Alain de Botton (@alaindebotton) thinks that the obstacles to building beautiful cities are not economic. Collectively we’ve got enough money, but we face two main problems:

  • Intellectual confusion: We think no one has a right to say what’s beautiful and what’s ugly. This confusion is horribly useful too greedy property developers. If there is no such thing as beauty, they can get away with murder. There is such a thing as beauty. Sydney and San Francisco and Bath and Bordeaux have it, and most other places don’t. The proof lies in tourism statistics. No one’s ever willingly taken a holiday in Frankfurt or new Birmingham.
  • Lack a political will: We’ve abandoned the design of cities to the greedy rich. We’ve given up believing in democracy. We face and have lost the battle between the public good and commercial opportunism. There will always be a greedy slick lobby fighting for ugly development but we can say no. Beautiful cities have only ever been created when governments impose strict and ambitious regulations to keep the greedy private guys in check.
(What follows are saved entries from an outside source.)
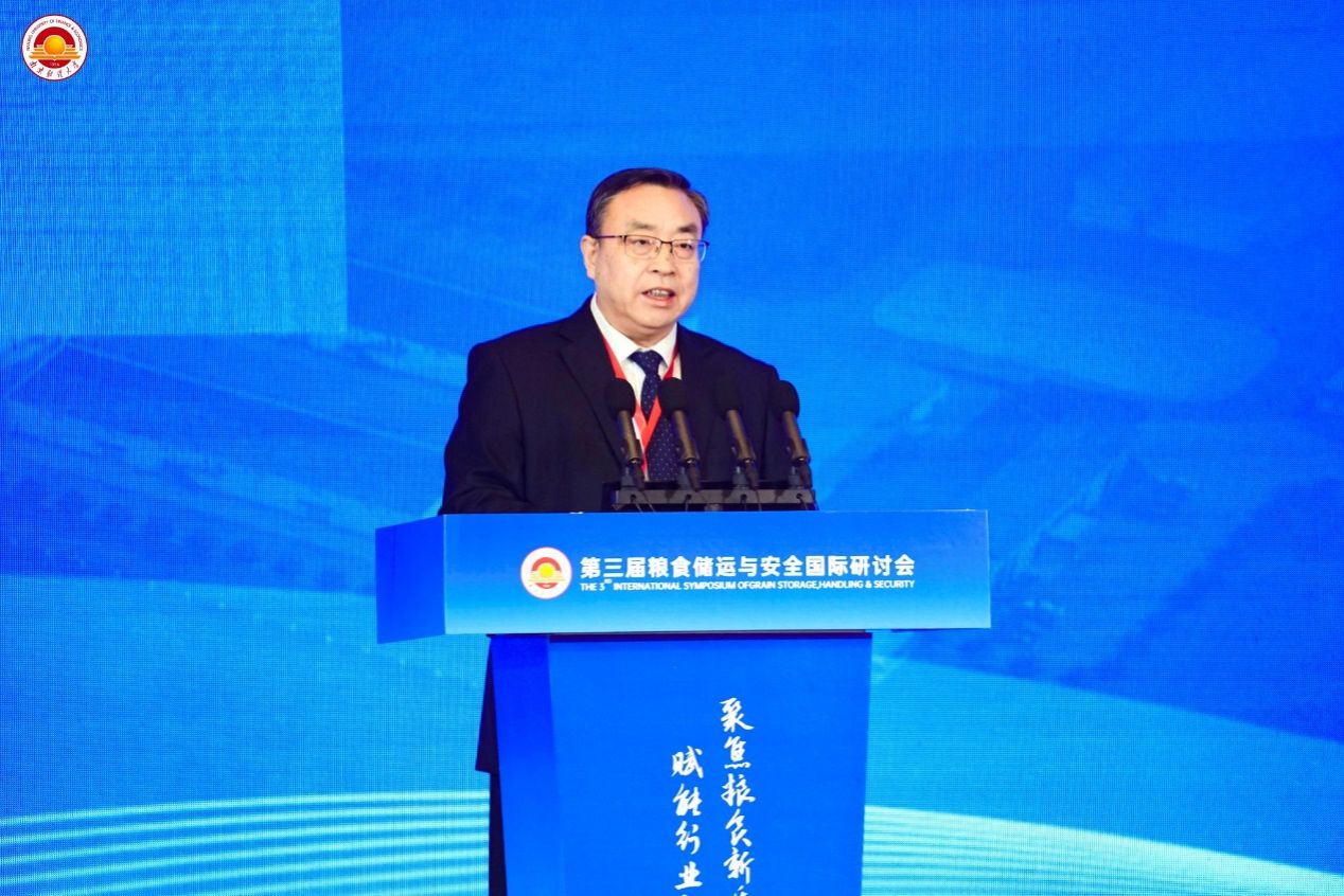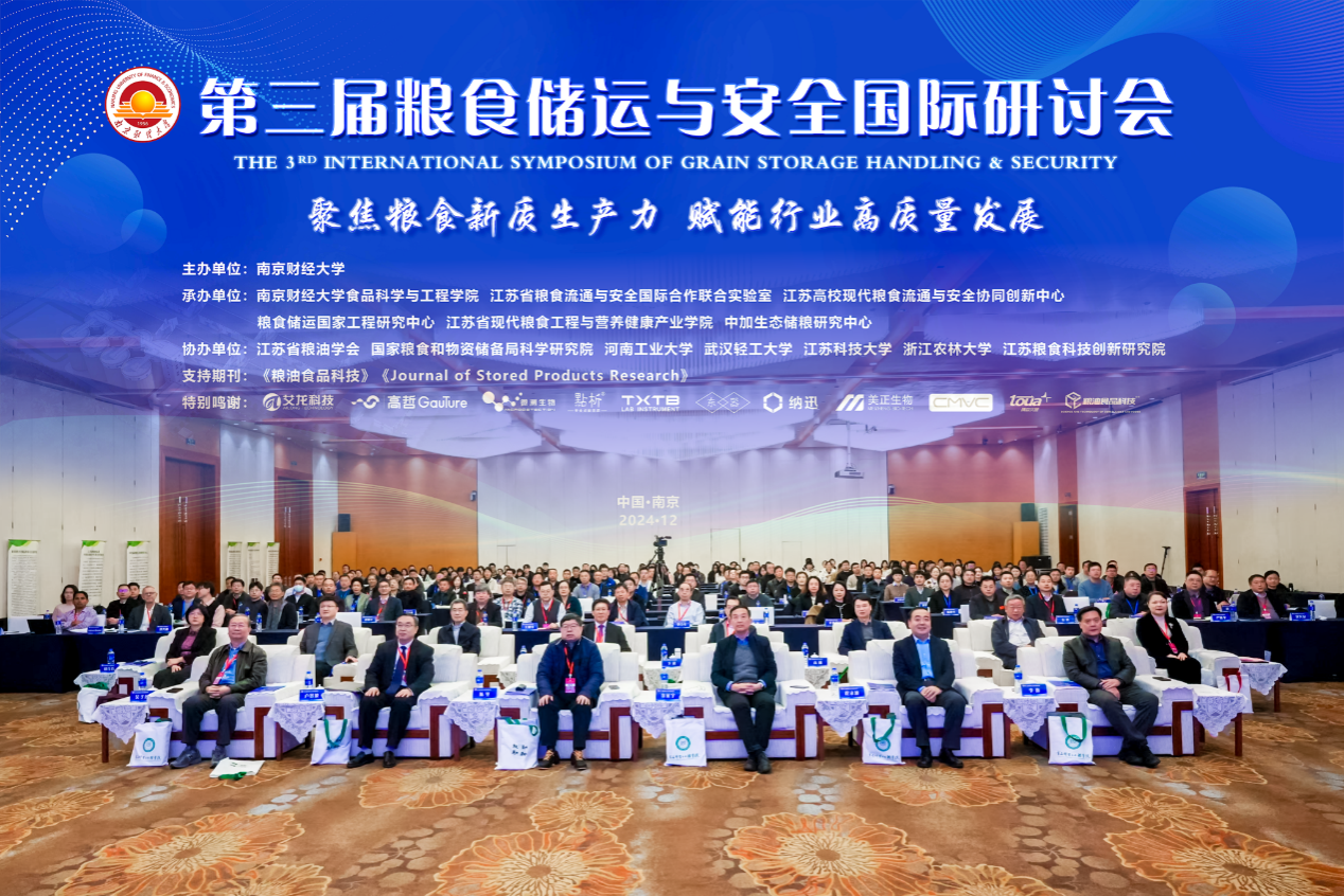 与江苏省粮食流通与安全国际联合实验室、江苏高校现代粮食流通与安全协同创新中心、粮食储运国家工程研究中心、江苏省现代粮食工程与营养健康产业学院、中加生态储粮研究中心等承办,江苏省粮油学会、国家粮食和物资储备局科学研究院、河南工业大学、武汉轻工大学、江苏科技大学、浙江农林大学、江苏粮食科技创新研究院等协办的第三届粮食储运与安全国际研讨会在南京举行。中国工程院院士、江南大学陈坚教授、金征宇教授,中国粮油学会理事长卢景波,原国家粮食局副局长吴子丹研究员,国际食品科学院院士、美国加州大学戴维斯分校Zhongli Pan教授,我校校长程永波,党委常委、副校长李煜出席会议。联合国世界粮食计划署、江苏省粮食和物资储备局、国家粮食和物资储备局江苏局、江苏省农业科学院、江苏省粮食集团有限责任公司、中储粮江苏分公司、中储粮江苏质检中心有限公司、江苏省江海粮油集团有限公司、江苏省粮油质量监测中心、江苏农垦米业集团有限责任公司、江苏省粮油学会等相关领导,我校科研处、国际合作与交流处、黄色导航
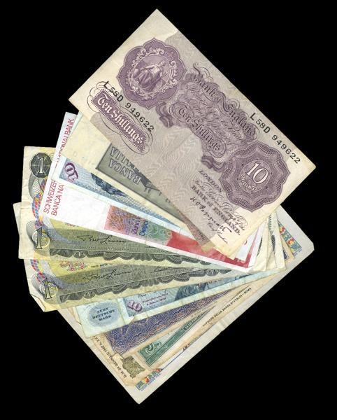 World Paper Money. Small hodgepodge of mostly WWII-era or pre-WWII -- some, though later, largely European issues. Some with edge curling, on average VG-VF. [64]
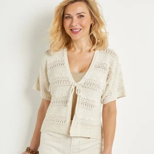 Gilet court ajouré col V à nouer manches courtes
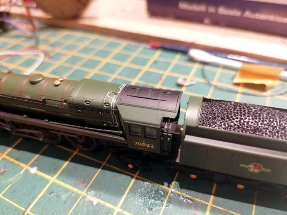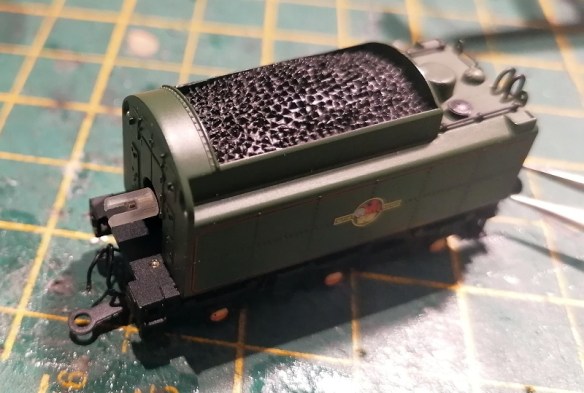 The motor, and DCC decoder, is packed into the tender and a drive shaft runs through the cab to power the main driving wheels. The motor axle has a yoke fitted to the end, as does the spindle in the cab. A driveshaft connects the two yokes and allows the tender and locomotive to twist without breaking the transmission of power, just like a drive shaft does on a car without being affected by the car’s suspension or steering.
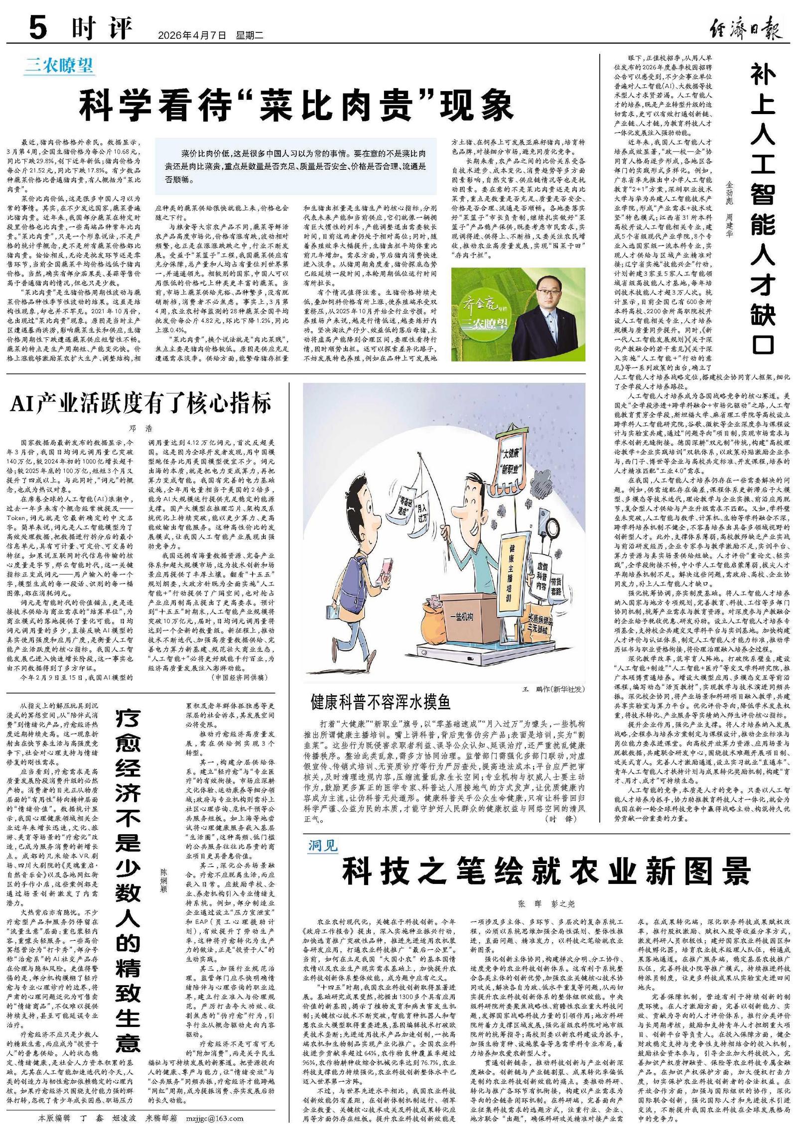 我国还拥有海量数据资源、完备产业体系和超大规模市场,这为技术创新和场景应用提供了丰厚土壤。翻看“十五五”规划纲要,大政方针既为全面实施“人工智能+”行动提供了广阔空间,也对抢占产业应用制高点提出了更高要求。预计到“十五五”时期末,人工智能产业规模将突破10万亿元,届时,日均词元调用量将达到一个全新的数量级。新征程上,推动技术不断迭代、加强高质量数据供给、完善电力算力新基建、规范壮大商业生态,“人工智能+”必将更好赋能千行百业,为经济高质量发展注入澎湃动能。
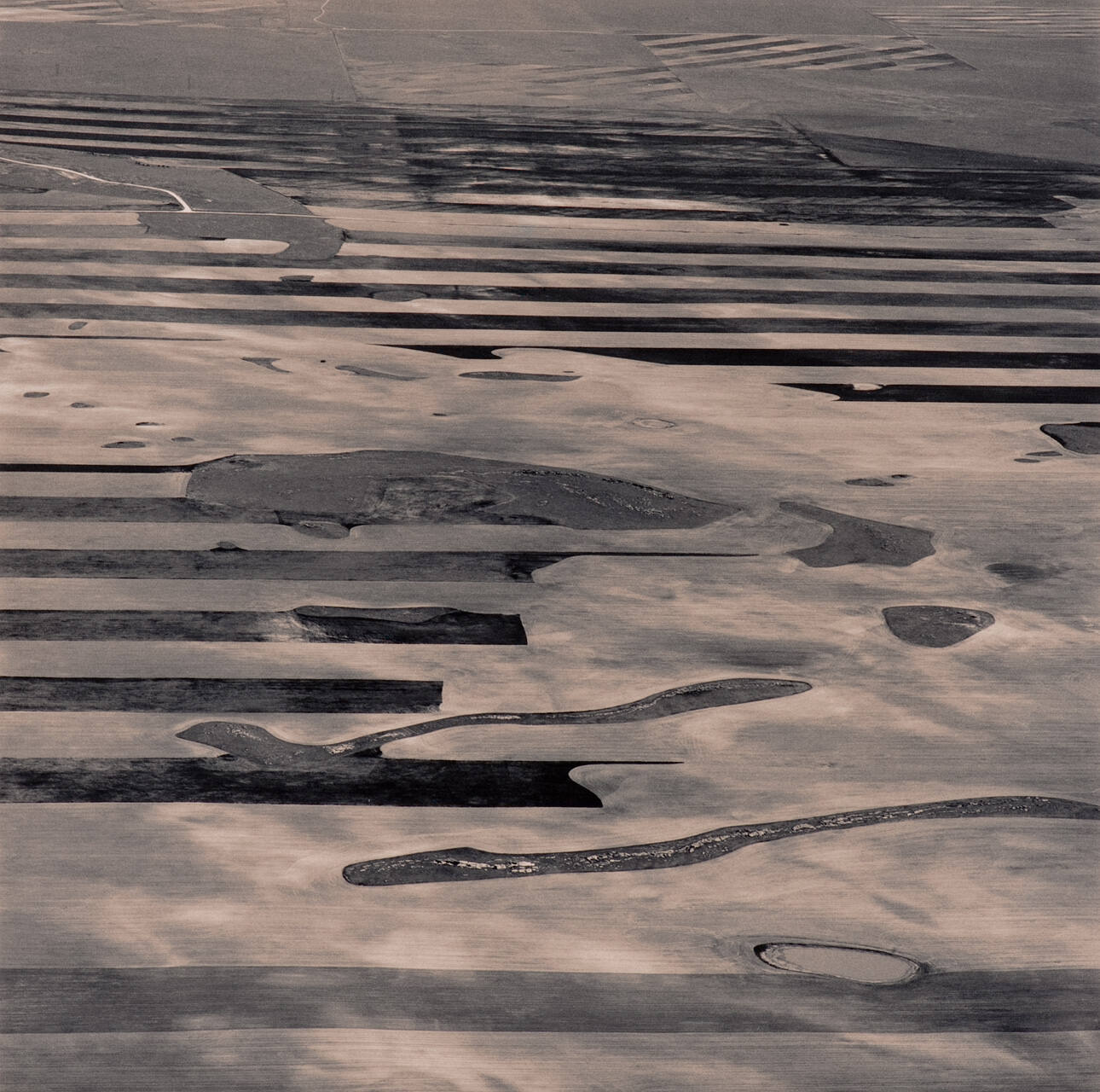 DescriptionAerial view of agricultural landscape composed of horizontal linear pattern.Copyright© Emmet Gowin

Alain de Botton has put together a manifesto about how to make attractive cities. Let’s not keep saying beauty is just in the eye of the beholder. There are six fundamental things a city needs to get right:

  • Order and Variety: Balance, symmetry, and repetition are pleasing to humans. A love of order is one of the reasons people love Paris. However excessive order feels alien. The key is to create the kind of “organized complexity”
  • Visible Life: People are happiest when they live in densely packed areas where the human comedy is on full display.
  • Compact: A compact city like Barcelona, Spain, uses a fraction of the energy of sprawling Phoenix, Arizona. All of the most beautiful compact cities have human-scaled squares where people can gather. Ideally, the squares are no more than 100 feet (30 meters) in diameter so that you can make out a person’s face on the other side—lest they become alienating. “Nobody’s built a good square on the planet for decades,” he says.
  • Orientation and Mystery: A city should be easy to navigate for both humans and vehicles, with big boulevards for orientation and warrens of alleyways and small streets to allow us to wander and create a sense of mystery and exploration.
  • Scale: The ideal human scale is five stories high; anything more starts to make humans feel insignificant, small, and trivial.
  • Local: The deadening sameness of cities is a problem. Cities have to use locally sourced materials and build architecture that is born from the specific culture, climate, history, and social traditions of a given place.

While I love the idea of “organized complexity”, I cannot agree on some other points. A city like New York does not make me feel insignificant, small or trivial. Quite the contrary. The Big Apple’s concentration of towers is admirable and I wouldn’t say that Times Square is exactly alienating.

So, I have to agree with de Botton that we are not going to agree to the very last point about what a beautiful city is, but also that we need to get more scientific and identify the principles behind cities’ appeal. It will be the only way to get out of intellectual confusion. Not so sure about the lack of political will.